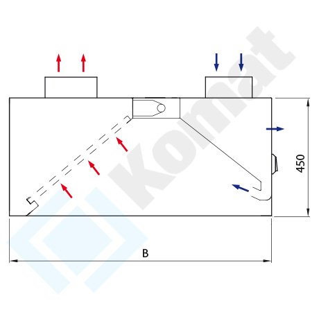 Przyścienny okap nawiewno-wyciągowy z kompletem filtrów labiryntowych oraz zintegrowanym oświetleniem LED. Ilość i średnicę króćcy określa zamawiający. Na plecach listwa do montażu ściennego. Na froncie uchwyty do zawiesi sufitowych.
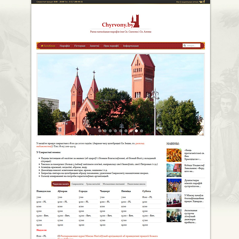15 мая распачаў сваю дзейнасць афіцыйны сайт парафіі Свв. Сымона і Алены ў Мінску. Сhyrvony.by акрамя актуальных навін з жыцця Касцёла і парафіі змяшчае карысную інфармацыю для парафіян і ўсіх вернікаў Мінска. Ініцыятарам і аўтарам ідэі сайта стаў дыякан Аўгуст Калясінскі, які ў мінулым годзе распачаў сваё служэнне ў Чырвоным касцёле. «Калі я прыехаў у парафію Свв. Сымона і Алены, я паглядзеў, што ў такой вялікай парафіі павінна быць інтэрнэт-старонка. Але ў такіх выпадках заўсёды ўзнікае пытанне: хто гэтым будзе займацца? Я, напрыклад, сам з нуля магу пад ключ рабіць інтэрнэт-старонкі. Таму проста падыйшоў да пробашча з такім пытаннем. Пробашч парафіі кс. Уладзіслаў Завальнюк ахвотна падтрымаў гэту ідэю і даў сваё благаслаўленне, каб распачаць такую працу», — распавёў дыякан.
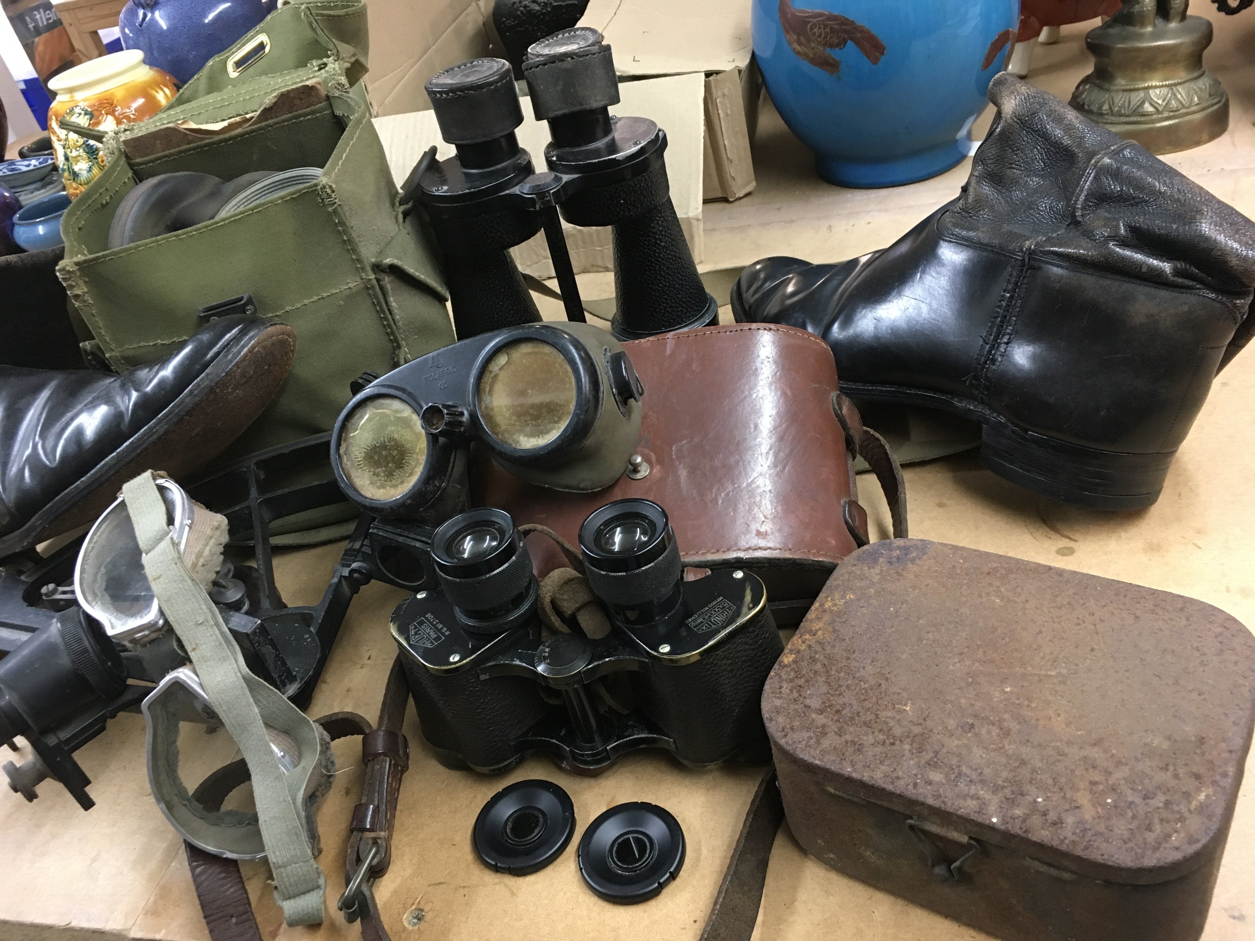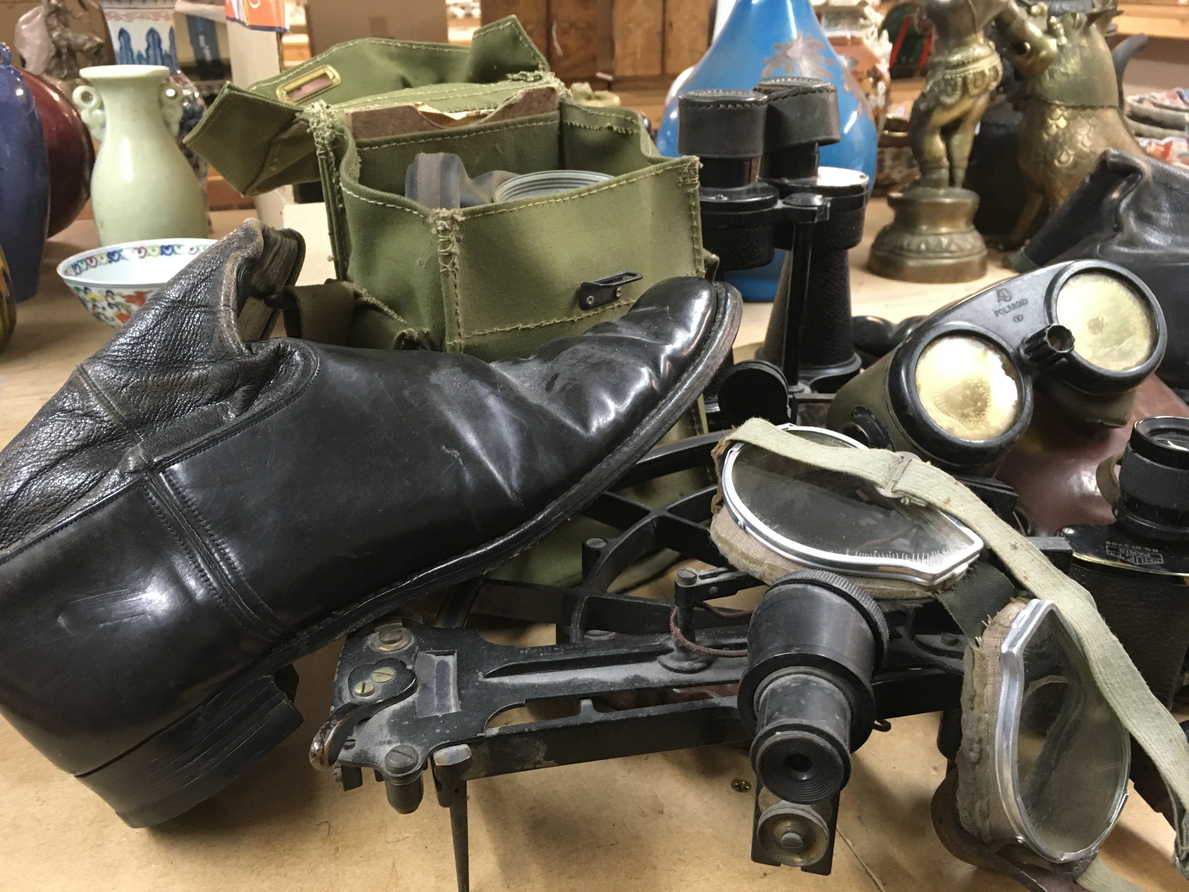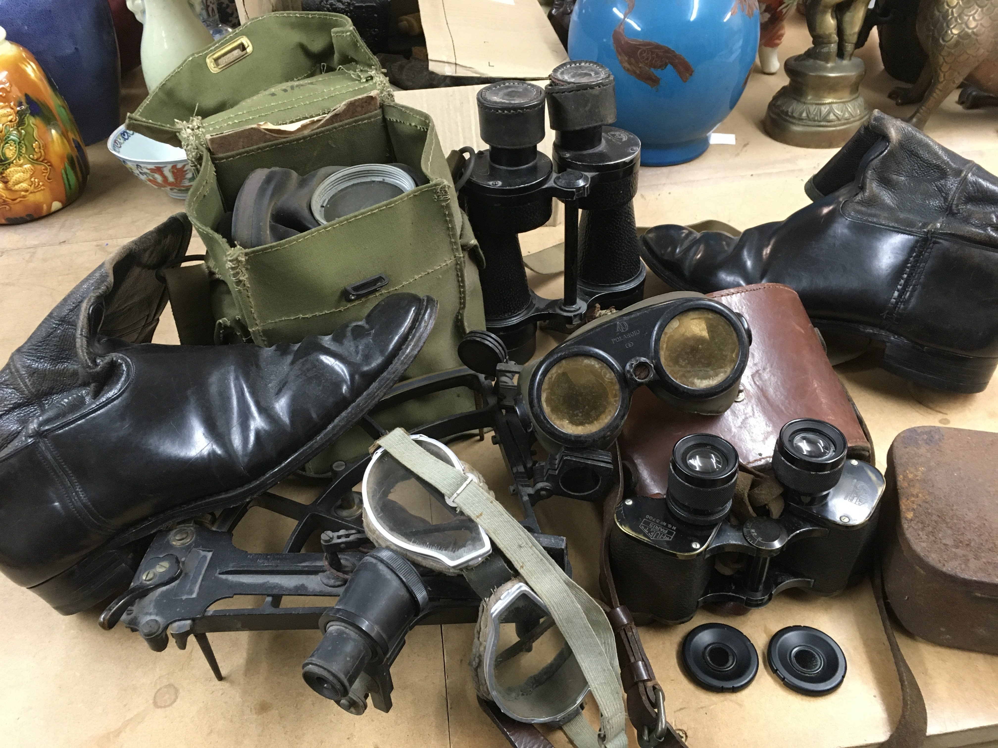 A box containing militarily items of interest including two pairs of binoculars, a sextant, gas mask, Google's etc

---*---

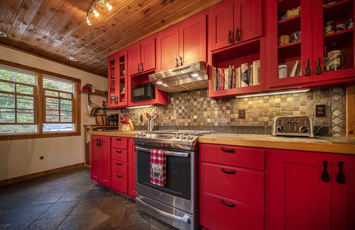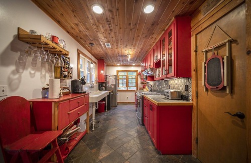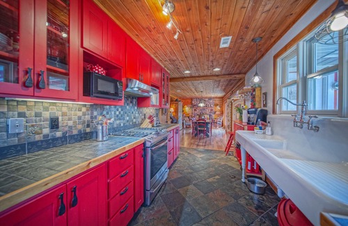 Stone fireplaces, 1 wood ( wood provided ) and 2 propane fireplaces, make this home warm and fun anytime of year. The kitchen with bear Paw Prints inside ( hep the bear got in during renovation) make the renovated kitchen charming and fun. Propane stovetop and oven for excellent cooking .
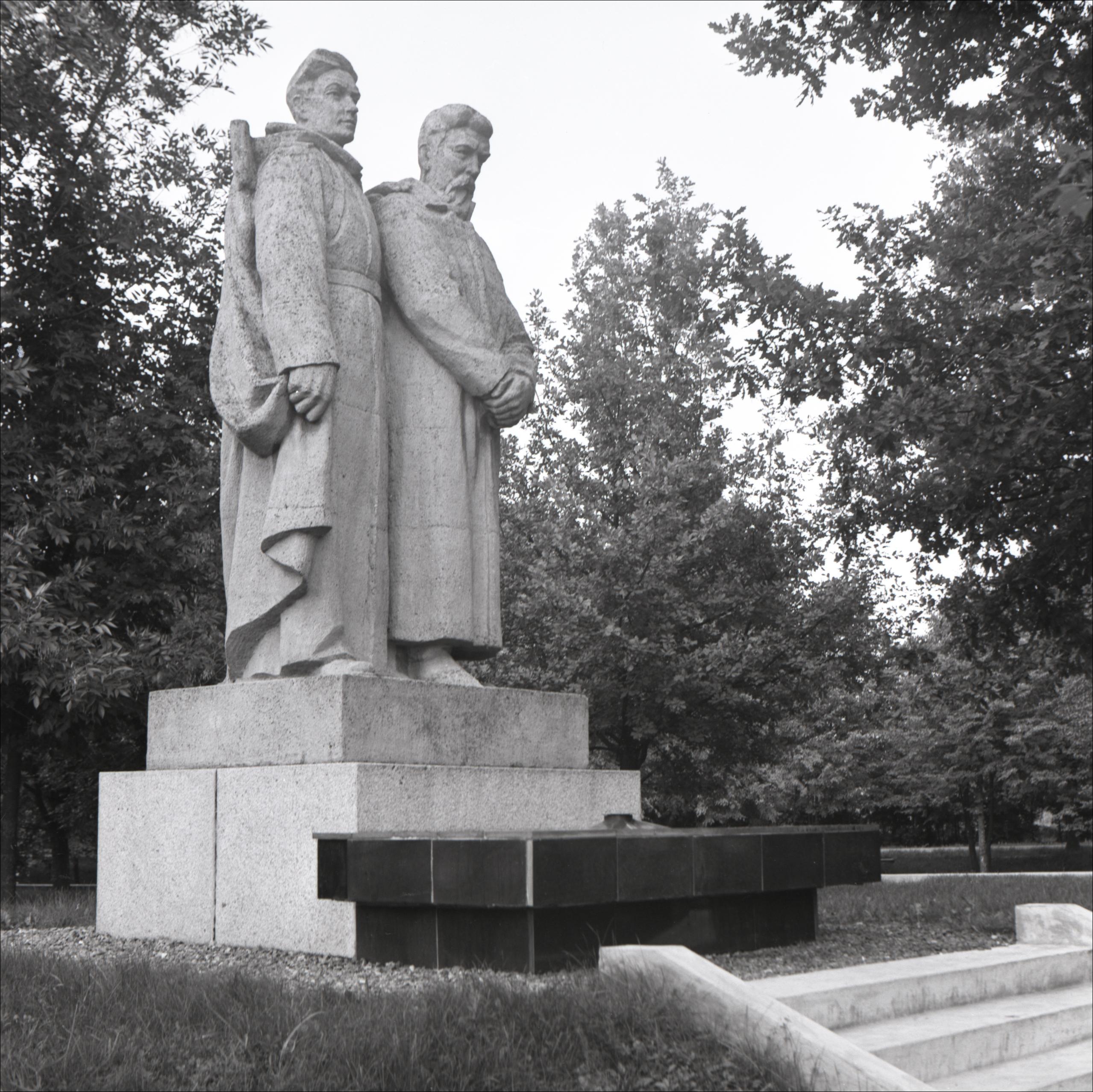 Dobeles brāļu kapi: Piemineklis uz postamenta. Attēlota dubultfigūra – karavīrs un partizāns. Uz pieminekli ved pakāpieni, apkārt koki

---*---

Problem:
Please print the lines above word for word, starting at the one with "Stone fireplaces, 1" and ending at the one with "Dobeles brāļu kapi: Piemineklis", both included, and without any picture.

Reply:
 Stone fireplaces, 1 wood ( wood provided ) and 2 propane fireplaces, make this home warm and fun anytime of year. The kitchen with bear Paw Prints inside ( hep the bear got in during renovation) make the renovated kitchen charming and fun. Propane stovetop and oven for excellent cooking .
 Dobeles brāļu kapi: Piemineklis uz postamenta. Attēlota dubultfigūra – karavīrs un partizāns. Uz pieminekli ved pakāpieni, apkārt koki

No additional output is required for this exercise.